Subsequently, we checked the expression alterations of some important proteins related to cell cycle and cell proliferation in CNE1 and HONE1 cells with the overexpression or inhibition of miR‐17‐5p by western blotting. Notably, the overexpression of miR‐17‐5p increased the protein expression levels of phosphorylated‐Rb protein (pRb), E2F1, cyclin E (CCNE1), and cyclin D (CCND1) in CNE1 and HONE1 cells (Fig. 5A). Conversely, the inhibition of miR‐17‐5p expression was accompanied by downregulation of pRb, E2F1, CCNE1, and CCND1 in CNE1 and HONE1 cells (Fig. 5B). These data suggest that some cell proliferation and cell cycle gene proteins changed in NPC cells by miR‐17‐5p‐mediated p21 downregulation.

miR‐17‐5p promotes cell proliferation through the p21‐pRb pathway. Western blot analysis of the expression levels of pRb, Rb, E2F1, CCNE1, and CCND1 in CNE1 and HONE1 cells with (A) overexpression of miR‐17‐5p and (B) inhibition expression of miR‐17‐5p.

MiR‐17‐5p promotes tumor growth in vivo

To further confirm the important role of miR‐17‐5p in NPC, a nude mouse xenograft model was used in this study. The mice were transplanted with CNE1 cells with overexpressing miR‐17‐5p and scramble control or HONE1 cells with inhibited expression of miR‐17‐5p and antiscramble control. After 21 days, tumor sizes from overexpressing miR‐17‐5p cells were significantly larger than those from the scrambled control cells (Fig. 6A). Furthermore, overexpression of miR‐17‐5p significantly increased the volume (Fig. 6B) and weight of xenograft tumor (Fig. 6C). Immunohistochemistry (IHC) analysis results showed that p21 protein expression was significantly reduced in the tumor samples induced by CNE1‐miR‐17‐5p cells (Fig. 6D). Consistently, the upregulation of BrdU was observed in miR‐17‐5p overexpressing tumors (Fig. 6D).

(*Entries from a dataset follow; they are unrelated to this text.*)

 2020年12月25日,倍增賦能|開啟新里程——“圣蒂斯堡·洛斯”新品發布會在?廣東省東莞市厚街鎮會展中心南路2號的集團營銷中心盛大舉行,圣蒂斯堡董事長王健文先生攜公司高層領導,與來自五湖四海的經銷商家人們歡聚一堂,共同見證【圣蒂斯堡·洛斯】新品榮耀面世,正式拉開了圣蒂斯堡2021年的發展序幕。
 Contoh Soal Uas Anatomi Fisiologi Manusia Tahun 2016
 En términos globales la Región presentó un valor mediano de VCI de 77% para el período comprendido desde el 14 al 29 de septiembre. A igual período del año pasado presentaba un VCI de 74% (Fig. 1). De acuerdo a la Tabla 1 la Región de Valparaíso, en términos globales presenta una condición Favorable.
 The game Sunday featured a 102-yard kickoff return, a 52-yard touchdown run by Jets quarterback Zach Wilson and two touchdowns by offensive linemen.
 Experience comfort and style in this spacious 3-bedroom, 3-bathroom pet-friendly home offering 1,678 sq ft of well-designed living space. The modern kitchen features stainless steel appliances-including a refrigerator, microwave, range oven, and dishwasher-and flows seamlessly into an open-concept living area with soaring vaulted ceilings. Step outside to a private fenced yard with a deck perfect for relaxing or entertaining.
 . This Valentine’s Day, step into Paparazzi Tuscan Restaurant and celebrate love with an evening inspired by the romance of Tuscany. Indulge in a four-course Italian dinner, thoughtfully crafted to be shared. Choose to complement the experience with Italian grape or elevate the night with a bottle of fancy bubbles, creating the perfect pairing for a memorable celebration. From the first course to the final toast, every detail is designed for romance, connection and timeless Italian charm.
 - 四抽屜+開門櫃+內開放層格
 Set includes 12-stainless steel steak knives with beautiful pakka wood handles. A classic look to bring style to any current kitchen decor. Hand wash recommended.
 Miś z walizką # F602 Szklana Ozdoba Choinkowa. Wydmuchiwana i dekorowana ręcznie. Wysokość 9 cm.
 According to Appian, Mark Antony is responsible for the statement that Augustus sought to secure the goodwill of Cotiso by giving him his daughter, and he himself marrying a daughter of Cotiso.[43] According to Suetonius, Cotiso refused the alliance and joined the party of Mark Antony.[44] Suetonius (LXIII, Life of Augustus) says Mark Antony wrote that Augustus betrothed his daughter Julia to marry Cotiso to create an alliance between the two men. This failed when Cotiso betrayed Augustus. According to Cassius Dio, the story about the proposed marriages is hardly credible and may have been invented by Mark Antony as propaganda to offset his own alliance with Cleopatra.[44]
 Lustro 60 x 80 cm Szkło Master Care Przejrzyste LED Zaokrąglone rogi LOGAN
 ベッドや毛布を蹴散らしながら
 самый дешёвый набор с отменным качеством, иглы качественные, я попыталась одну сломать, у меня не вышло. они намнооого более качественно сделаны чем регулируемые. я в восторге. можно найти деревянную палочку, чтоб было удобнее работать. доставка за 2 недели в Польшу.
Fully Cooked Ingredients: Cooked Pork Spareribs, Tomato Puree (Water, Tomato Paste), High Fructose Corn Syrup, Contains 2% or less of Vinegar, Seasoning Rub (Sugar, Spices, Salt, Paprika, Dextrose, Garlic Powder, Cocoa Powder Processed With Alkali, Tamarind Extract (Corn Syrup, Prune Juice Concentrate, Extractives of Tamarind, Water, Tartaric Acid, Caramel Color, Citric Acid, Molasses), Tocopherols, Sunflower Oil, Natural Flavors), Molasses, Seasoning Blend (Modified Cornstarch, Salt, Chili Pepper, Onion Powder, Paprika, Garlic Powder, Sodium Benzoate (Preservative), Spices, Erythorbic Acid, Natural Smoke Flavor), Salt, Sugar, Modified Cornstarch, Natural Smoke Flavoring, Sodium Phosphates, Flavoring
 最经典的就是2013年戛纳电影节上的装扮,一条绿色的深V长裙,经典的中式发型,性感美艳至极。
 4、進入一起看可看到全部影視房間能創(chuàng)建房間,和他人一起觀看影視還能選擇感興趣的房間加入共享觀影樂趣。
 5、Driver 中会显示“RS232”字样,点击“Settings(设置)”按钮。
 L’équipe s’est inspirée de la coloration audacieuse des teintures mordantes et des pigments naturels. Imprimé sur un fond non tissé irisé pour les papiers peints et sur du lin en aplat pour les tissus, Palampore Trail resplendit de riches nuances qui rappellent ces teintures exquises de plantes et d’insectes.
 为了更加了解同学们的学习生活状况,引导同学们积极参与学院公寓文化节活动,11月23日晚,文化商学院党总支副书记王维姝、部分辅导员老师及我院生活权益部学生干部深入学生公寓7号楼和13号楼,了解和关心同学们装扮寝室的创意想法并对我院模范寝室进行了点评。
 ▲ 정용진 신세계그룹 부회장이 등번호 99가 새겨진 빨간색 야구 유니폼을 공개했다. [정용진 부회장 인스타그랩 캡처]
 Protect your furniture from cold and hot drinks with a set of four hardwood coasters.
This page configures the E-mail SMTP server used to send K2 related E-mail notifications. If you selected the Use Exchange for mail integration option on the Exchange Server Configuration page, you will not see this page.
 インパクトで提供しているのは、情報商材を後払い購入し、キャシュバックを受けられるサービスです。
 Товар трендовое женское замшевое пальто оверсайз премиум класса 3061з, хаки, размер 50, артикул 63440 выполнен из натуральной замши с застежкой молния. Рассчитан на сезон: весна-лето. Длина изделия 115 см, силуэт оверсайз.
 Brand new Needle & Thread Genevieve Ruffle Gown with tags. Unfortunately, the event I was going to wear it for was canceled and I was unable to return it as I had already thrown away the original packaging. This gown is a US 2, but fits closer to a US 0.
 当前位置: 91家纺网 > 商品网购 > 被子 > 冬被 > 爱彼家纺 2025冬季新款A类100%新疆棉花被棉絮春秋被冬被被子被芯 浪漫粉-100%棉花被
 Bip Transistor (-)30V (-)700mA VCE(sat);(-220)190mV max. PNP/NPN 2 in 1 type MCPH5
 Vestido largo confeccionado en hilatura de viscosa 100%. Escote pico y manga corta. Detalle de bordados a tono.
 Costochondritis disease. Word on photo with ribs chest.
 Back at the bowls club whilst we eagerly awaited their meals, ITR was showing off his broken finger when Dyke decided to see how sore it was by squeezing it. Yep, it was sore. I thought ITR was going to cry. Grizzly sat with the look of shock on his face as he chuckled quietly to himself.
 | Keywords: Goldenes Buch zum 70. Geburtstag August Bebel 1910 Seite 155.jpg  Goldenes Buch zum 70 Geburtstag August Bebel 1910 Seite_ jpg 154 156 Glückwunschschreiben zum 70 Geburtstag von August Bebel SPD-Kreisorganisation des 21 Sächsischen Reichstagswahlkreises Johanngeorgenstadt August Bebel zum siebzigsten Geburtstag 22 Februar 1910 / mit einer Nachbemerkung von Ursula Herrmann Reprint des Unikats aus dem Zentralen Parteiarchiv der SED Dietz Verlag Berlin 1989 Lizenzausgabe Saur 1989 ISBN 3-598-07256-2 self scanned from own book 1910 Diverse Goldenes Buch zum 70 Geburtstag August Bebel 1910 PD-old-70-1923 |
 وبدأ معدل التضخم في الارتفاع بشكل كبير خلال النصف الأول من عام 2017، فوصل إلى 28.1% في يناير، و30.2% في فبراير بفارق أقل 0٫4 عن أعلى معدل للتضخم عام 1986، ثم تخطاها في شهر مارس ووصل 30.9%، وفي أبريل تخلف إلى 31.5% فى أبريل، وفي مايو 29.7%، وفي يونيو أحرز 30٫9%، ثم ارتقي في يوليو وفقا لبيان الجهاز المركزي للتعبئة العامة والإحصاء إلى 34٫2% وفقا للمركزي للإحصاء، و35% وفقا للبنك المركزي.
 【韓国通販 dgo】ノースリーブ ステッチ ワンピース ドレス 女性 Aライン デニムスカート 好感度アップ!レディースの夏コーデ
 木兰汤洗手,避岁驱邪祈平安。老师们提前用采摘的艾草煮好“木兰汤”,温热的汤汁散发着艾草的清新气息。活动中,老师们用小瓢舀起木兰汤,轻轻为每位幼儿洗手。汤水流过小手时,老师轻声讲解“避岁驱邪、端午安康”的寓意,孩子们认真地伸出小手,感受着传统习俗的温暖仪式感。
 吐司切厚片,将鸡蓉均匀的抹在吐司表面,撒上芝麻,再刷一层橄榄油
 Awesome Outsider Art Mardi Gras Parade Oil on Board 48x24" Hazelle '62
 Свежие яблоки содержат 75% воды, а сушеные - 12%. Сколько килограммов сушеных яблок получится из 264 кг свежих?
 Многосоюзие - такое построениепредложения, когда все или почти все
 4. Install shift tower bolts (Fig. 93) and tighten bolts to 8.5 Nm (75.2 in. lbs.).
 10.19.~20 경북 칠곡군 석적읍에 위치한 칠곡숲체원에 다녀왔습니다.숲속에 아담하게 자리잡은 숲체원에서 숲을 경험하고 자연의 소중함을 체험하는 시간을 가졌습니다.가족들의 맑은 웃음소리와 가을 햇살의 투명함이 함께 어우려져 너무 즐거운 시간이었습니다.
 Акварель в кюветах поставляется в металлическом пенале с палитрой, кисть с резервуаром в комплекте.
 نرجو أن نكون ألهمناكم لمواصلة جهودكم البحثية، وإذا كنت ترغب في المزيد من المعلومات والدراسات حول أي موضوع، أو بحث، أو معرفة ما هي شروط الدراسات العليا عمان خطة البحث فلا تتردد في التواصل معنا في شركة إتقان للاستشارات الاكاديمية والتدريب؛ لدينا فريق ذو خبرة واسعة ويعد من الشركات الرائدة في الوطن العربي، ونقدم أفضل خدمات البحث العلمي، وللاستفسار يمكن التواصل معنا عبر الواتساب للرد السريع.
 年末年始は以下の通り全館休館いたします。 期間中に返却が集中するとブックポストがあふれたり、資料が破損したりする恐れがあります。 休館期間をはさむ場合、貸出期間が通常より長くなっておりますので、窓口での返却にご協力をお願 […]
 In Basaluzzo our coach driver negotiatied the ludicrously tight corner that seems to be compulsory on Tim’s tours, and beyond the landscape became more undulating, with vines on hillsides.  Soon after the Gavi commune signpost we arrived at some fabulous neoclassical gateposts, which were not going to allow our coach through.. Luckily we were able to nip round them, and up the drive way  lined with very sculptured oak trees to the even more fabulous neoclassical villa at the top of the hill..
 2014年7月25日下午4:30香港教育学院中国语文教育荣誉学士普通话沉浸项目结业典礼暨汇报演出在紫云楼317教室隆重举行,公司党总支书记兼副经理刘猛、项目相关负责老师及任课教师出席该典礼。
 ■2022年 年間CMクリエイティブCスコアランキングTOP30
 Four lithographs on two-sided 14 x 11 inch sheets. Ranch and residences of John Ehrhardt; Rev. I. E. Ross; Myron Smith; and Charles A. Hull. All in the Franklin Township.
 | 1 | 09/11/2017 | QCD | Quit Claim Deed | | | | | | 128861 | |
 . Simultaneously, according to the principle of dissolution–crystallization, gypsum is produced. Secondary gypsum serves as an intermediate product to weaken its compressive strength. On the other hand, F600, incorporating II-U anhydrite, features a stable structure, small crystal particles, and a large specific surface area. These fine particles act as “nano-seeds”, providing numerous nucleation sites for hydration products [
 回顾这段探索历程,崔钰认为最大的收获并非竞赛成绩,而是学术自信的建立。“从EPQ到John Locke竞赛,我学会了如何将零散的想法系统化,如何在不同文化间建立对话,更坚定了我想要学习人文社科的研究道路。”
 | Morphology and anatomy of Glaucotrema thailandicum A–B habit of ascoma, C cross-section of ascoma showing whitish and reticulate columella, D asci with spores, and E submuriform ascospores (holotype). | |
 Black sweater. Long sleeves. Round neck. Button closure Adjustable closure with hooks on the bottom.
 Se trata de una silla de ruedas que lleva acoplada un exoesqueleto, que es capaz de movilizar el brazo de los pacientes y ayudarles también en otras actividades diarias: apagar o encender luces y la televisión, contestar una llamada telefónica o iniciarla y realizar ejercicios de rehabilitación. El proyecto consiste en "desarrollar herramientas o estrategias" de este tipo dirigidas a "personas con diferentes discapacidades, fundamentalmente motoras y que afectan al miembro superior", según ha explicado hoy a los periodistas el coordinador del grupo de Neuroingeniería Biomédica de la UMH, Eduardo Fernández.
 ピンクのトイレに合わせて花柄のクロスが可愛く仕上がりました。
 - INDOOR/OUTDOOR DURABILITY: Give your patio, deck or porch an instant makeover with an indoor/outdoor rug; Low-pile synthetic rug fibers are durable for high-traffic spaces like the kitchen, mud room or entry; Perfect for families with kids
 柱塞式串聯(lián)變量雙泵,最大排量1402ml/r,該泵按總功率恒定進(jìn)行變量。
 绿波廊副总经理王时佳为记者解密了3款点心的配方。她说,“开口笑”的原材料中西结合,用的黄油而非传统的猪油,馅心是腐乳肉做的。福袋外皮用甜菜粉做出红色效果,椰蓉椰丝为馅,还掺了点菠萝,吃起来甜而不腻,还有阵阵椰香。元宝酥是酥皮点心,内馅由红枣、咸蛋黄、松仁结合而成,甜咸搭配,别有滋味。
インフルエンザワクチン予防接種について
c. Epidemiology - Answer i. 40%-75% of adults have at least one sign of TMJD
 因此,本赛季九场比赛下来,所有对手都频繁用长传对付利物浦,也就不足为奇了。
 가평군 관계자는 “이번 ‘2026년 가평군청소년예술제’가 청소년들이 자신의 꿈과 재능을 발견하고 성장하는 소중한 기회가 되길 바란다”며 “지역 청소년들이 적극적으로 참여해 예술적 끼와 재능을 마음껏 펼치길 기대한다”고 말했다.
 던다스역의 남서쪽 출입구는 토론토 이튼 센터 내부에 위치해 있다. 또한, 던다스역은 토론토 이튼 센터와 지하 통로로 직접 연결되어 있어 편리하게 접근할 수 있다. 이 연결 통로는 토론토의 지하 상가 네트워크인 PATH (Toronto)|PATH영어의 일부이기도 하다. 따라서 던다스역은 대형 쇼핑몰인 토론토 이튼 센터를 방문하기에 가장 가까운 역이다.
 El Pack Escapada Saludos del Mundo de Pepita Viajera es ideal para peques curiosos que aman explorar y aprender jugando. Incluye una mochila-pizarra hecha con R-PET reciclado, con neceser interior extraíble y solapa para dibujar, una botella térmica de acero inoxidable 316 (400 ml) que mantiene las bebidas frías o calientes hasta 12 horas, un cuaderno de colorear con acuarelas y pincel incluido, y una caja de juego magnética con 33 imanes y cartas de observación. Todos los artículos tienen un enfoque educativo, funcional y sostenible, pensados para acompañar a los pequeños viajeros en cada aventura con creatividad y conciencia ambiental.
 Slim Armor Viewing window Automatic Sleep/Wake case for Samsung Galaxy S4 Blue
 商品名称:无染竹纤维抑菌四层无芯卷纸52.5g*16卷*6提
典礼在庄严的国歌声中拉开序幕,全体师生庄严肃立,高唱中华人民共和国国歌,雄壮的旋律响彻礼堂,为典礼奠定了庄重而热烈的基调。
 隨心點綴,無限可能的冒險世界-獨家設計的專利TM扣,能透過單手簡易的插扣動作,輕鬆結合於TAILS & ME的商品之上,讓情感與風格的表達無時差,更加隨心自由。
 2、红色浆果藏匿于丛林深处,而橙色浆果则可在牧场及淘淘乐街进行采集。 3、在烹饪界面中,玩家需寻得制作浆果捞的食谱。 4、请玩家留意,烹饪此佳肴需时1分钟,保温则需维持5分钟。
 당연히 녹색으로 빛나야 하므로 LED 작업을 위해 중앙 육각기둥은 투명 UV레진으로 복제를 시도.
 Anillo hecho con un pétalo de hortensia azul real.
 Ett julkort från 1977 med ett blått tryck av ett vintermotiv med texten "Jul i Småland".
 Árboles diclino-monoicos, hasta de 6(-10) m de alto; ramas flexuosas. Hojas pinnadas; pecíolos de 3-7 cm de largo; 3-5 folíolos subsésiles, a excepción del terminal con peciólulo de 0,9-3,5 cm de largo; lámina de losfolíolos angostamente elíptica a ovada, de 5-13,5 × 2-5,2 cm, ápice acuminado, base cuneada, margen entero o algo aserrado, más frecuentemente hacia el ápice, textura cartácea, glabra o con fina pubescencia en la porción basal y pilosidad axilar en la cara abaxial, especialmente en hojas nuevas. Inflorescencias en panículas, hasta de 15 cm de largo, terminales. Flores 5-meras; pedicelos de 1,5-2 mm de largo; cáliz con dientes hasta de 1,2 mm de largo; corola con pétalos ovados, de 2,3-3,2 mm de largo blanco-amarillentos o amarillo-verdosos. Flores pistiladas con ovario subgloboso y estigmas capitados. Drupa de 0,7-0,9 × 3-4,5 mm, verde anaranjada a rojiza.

Conversely, tumors with downregulation of miR‐17‐5p were smaller than those of mice transfected with the scrambled control cells (Fig. 6A), and the xenograft tumor volume and weight decreased (Fig. 6B and C). IHC revealed enhanced p21 expression in tumors in which miR‐17‐5p was inhibited (Fig. 6E). Consistently, BrdU downregulation was observed in tumors formed from miR‐17‐5p‐inhibited HONE1 cells (Fig. 6E). These results indicate that miR‐17‐5p can promote tumor growth by targeting p21 in vivo.

Discussion

The miR‐17‐92 gene cluster and its paralogs have an established oncogenic function 37, and each component of the cluster is also reported to be overexpressed in a variety of tumors, both hematopoietic and solid tumors including breast, lung, pancreas, colon, prostate, and stomach cancer 38. Campisi indicated that this cluster played a very important role in regulating cell cycle network and tumor occurrence 39. The previous studies implied that the miR‐17‐92 gene cluster and its paralogs were as important regulatory factors on NPC, and acted as an oncogene in NPC. MiR‐17‐5p, belonging to the miR‐17‐92 cluster, participates in a variety of cancers. It is well known that the functions of miRNAs in the initiation and development of cancer are very complicated, they can be as both a tumor suppressor gene and an oncogene. For example, miR‐17‐5p is upregulated and an oncogene in pancreatic cancer 11, but it could inhibit cell growth and promote cell apoptosis in cervical cancer 17. Previous studies suggest that miR‐17‐5p is an important regulator of cell cycle 13, 18. Although some studies indicate that the expression level of miR‐17‐5p is upregulated in NPC 20, 21, the mechanism of regulating tumor progression in NPC remains unclear. In this study, miR‐17‐5p obviously promoted NPC cells proliferation, but had no effect on invasion and metastasis (Fig. S3). The p21 gene, a negative regulator of the cell cycle, was detected and downregulated in cell lines by qRT‐PCR in our pilot experiment. The previous studies showed that miR‐17‐5p could target the p21 in some cancers 24, 25, 26, such as myeloid leukemia and synovial sarcoma. Therefore, we focused on the p21 gene and speculated that miR‐17‐5p may play an important role through targeting p21 in NPC. In addition, cell apoptosis was not obviously observed in our pilot experiment, although previous reports also suggested that p53, a very important tumor suppressor gene, is a target gene of miR‐17‐5p 40 and represses miR‐17‐92 gene cluster expression 41; we did not verify it in our manuscript, but we will further do more validation in the future. Finally, our results demonstrated that miR‐17‐5p acted as an oncogene in NPC via directly targeting p21.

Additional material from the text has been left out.